Do I think they are absolutely wrong? Honestly, yeah I do. But trying to suppress opinions you don't agree with, using mock outrage isn't really any better. Anyone with two brain cells to rub together can read this comment, shake their head and move on with their day. Screaming outrage and how dare they, supress them, block them, disinformation, report them/supress them, whatever else, honestly that makes you the fuckhead. Sorry pal.
The rest of us normies are quite capable of ignoring morons, don't worry. We don't need babysitters. The longer this sorta horseshit continues, the longer we gotta deal with all these dickheads and their signs in traffic and whatever else. Because they aren't exactly wrong in that their free speech is being suppressed. Again, I ain't saying I agree with them, but like this woman, she had the right to do what she did, and she fucked around and found out. Evidently.
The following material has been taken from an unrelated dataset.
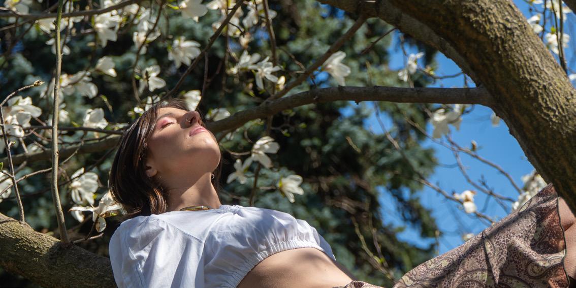 So much in life is fleeting—cherry blossoms in the Spring, orange skies in a beautiful sunset, blooming dandelions before a gust of wind. In the Fable shoot, we aim to capture this ephemeral beauty. The model dons two stunning gowns by Haverford College’s Maxine Roeder, glowing among flower petals and golden hues.

"If you are not a scientist, and you disagree with scientists about science, it’s actually not a disagreement. You're just wrong."
The problem is that these wrong "opinions" are presents as fact, facts that are believed by the scared and the gullible, and they grow and gain a life of their own until someone uses them to manipulated someone who is vulnerable into literally dying instead of getting a safe, effective vaccine.
Lies and fear and hate are dangerous. Lies caused a violent mob to storm the seat of US democracy and lies caused this woman, this wife, this mother, this grandmother, this Canadian, to sacrifice herself.
The smart people have a moral obligation to reject and challenge and contradict these dangerous lies.
Another of my favorites... "Science said one thing then it said another thing. We can't trust anything science says."
"Science is not truth. Science is finding the truth. When science changes its opinion, it didn't lie to you. It learned more."
The problem is there is no chance to refute any of it if you or other mods remove it. I can't stand the conviction behind some of these beliefs but also I think its much worse to see it being removed
The mods aren't removing everything. They have made that very clear in at least two posts. The ones where there is a good, detailed response are being left up. In one case a mod put a comment ahead of one saying, "the comment below is wrong but I'm leaving in there because the responses are good". I think the mod is doing a good job.
I'm aware. And I fully support the mods not allowing this place to turn into what r/Canada became. But it doesn't feel right to me to remove posts just based on a commenter saying some bullshit but with enough conviction to say it as a fact.
Please not. I am an autist and I am vaccinated three times, waiting for the new vaccines to arrive for my fourth. Being stubborn and unwilling to learn and being autistic are two very different things. One of them is a choice the other isn't.
For many people, myself, my daughter, and many of my coworkers, autism isn't a disability, it's a superpower. Many well known big thinkers were autists. Some will known monsters were, too. Autism causes vaccines.
Meh...I let the normies have their fears and prejudices then, when the time is right, I whip out the weaponized Autism and take them by surprise.
That's what my Autistic friend calls it when one of us does something so wild that it blows the normies minds. A few weeks ago we got a late request to respond to an RFP. I had some cycles so I raised my hand. It was 516 questions, it was Friday afternoon, and we had until the next Friday to write our responses, review our responses, get the package together and to our partner so they could submit it to the customer. I told them to start working on the supporting material and leave the questions with me. I sat down on Sunday morning at 7 AM with my notebook, some dark trance music, and my two cats and wrote 504 answers over the next 30 hours. There was a HUGE scramble once they realized that I was done and they had to get their shit together and actually get it submitted. That's the power of weaponized autism.